Polyketide synthases (PKSs) use a multi-step process to generate structurally complex natural products with wide ranging pharmaceutical and agricultural applications. Over the past decade there has been significant interest and notable successes in the generation of hybrid PKSs. These metabolic systems are attractive due to their potential to generate new natural products with valuable applications including drug discovery and development. Nonetheless, a significant and unresolved problem in this endeavor has been the significant finding that hybrid modular PKS systems are either catalytically inefficient, or simply inactive. The ongoing discovery of natural product biosynthetic gene clusters has recently provided new sets of genetic tools for the generation of more efficient hybrid PKSs. Recent advances in methods for genetic manipulation of large biosynthetic gene clusters now permit rapid generation of libraries of hybrid systems, and bioactivity assays can be used to identify those with significant catalytic activity. We have also developed a new chemoenzymatic approach for generating novel polyketide structures that can utilize both native and hybrid PKSs. This project will capitalize on these recent advances and demonstrate how they can be applied and combined to generate new biologically active macrolide antibiotics. The work will be based on the pikromycin PKS (Pik PKS)that generates a ketolide macrolactone core molecule (a class of antibiotics useful for treatment of multidrug resistant pathogens). The four specific aims are as follows: 1) chemoenzymatic synthesis of new macrolide products; 2) relaxing the specificity, and evolving iterative properties of ketoacyl acyl carrier protein synthase domains; 3) developing new methods for efficient initiation utilizing different substrates; and 4) efficiently and selectively altering extender unit specificity. Overall this project will provide new techniques and genetic tools that can be applied to other PKSs systems, including catalytically impaired hybrid PKSs, and will represent an important step towards the ultimate goal of using of combinatorial biosynthesis and chemoenzymatic synthesis for practical drug development.
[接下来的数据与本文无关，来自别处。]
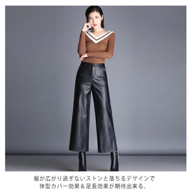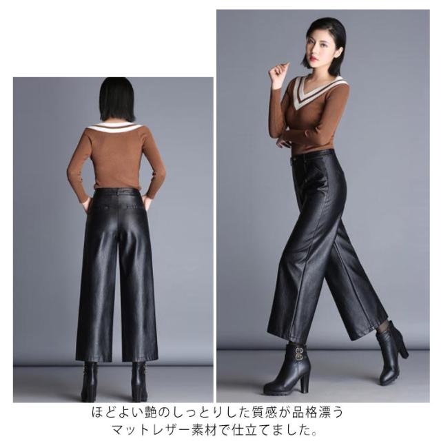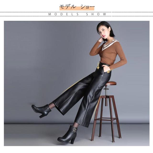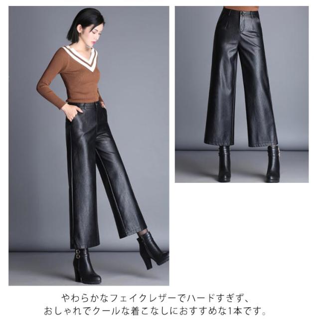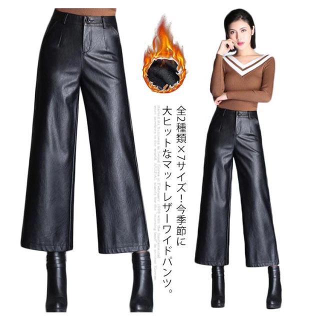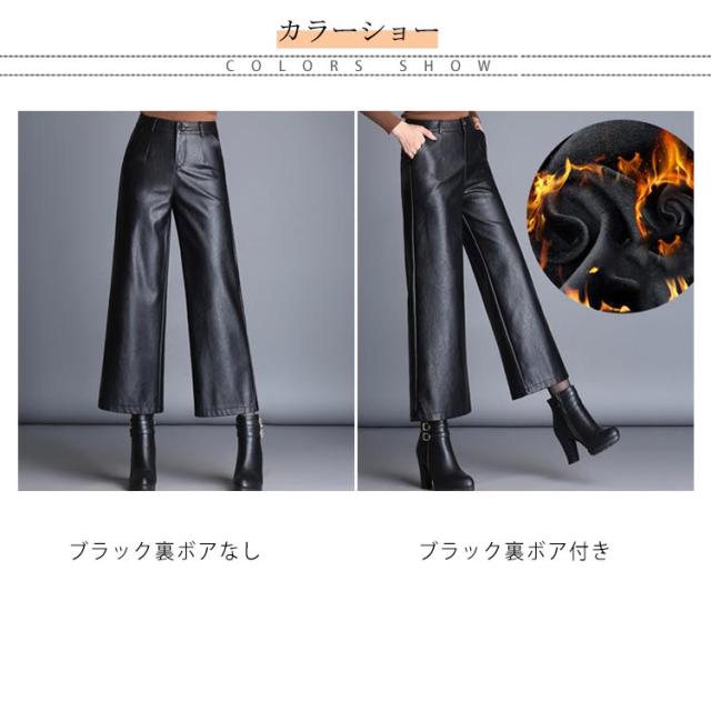 全2種類×7サイズ!レザーワイドパンツ ワイドパンツ 秋冬 ロングパンツ レザーパンツ ワイド ガウチョパンツ レザー フェイクレザー PU 裏起毛 暖かい ボトムス 体型カバー 通勤 カジュアル キレイめ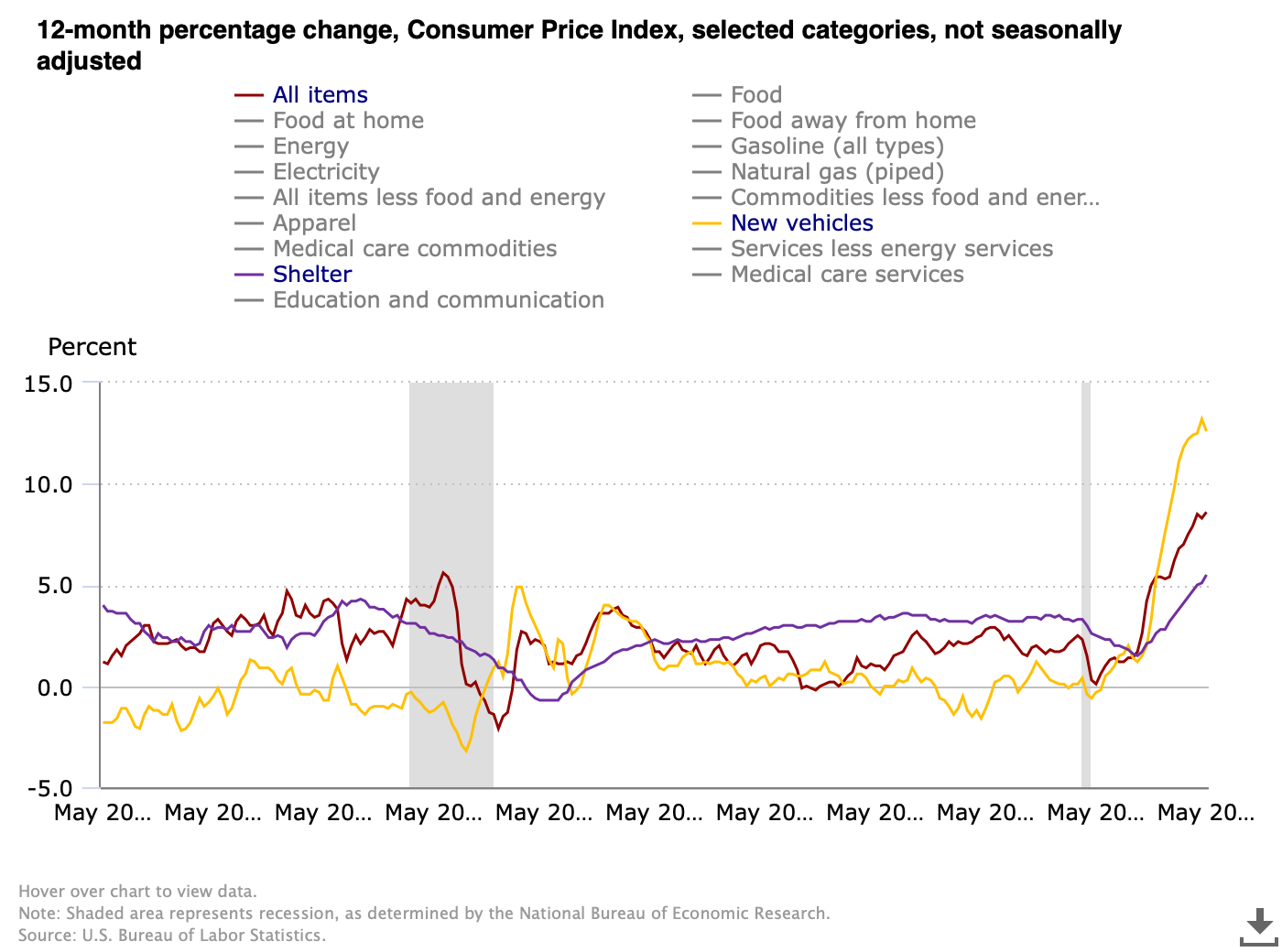 We have a new CPI print today which sent markets into a week-ending nosedive. 8.6% for May puts inflation for consumers near where it was in 1981 before the Volcker Fed cranked rates to an eye-watering 17+%. For as painful as rate increases are right now we have light years to travel before anything even remotely resembling the 80’s, nostalgia for Soviet conflict and striped shirts notwithstanding. This chart from the US Bureau of Labor Statistics compares CPI in total against two of the three components that seem ripe for a nasty mean reversion, the third being energy which we covered in the last chart and commentary. Shelter has broken out, rising to 5.5% which exceeds the lusty moments before the housing market imploded with the Financial Crisis. We have been pointing out repeatedly that there are two major moving parts driving increases in shelter -- the speculative fervor over single family housing fueled by low rates, urban migration and non-human (e.g. investment fund) buyers, and the inevitable upward correction in rentals after ending pandemic moratoria on rent, rent increases and evictions. It seems likely that the single family bubble is nearing its bursting point especially as the Fed acts, but rent will continue to grind higher as the economy digests the rental disruptions of the pandemic. New vehicles on the other hand appear perched on the precipice. Supply chain disruptions, particularly for microchips, have tightened supply and handed dealers tremendous pricing power even while makers have largely kept their price increases steady (but have been able to slow or suspend aggressive promotional programs). The rate of increase peaked at 13.2% in April and posted 12.6% for May. Other than playing demand catch-up after the market for new vehicles crashed in the depths of the Financial Crisis, the 12-month change over the last 20 years has stayed in a band of +/- 2%, and most of the time close to zero. There will come a moment when makers catch up and inventory will be abundant (and auto loan and lease rates will be higher), and the market may well punish the dealers for exploiting the situation, potentially severely. [Chart courtesy US BLS, CPI All Items, Shelter and New Vehicles, May 2002 to May 2022].

聚酮酶（PKSs）是一种多步合成天然产物的酶 具有广泛的制药和农业应用。在过去的十年里， 在产生混合PKS方面的重大兴趣和显著成功。这些代谢系统是 由于它们具有产生具有有价值应用的新天然产物的潜力， 发现和发展。然而，在这一奋进中，一个重要的和未解决的问题是， 重要的发现是，混合模块化PKS系统要么催化效率低，要么根本不活跃。 天然产物生物合成基因簇的不断发现最近提供了新的生物合成基因簇。 遗传工具，用于产生更有效的混合PKS。遗传学方法的最新进展 大的生物合成基因簇的操作现在允许快速产生杂交系统的文库， 并且生物活性测定可用于鉴定具有显著催化活性的那些。我们还 开发了一种新的化学酶促方法，用于产生新的聚酮化合物结构， 天然和混合PKS。这个项目将利用这些最新的进展，并展示他们如何能够 应用和组合以产生新的生物活性大环内酯类抗生素。这项工作将基于 在吡克罗霉素PKS（Pik PKS）上，其产生酮内酯大环内酯核心分子（一类 可用于治疗多重耐药病原体的抗生素）。 具体目标如下：1）化学酶法合成新的大环内酯类化合物; 2） 放松酮脂酰酰基载体蛋白合酶结构域的特异性，并进化其迭代性质; 3） 开发利用不同底物有效引发的新方法;以及4）有效和选择性地 改变延伸单元特异性。总的来说，这个项目将提供新的技术和遗传工具， 将适用于其他PKS系统，包括催化受损的混合PKS，并将代表一个 向利用组合生物合成和化学酶的最终目标迈出了重要的一步 用于实际药物开发的合成。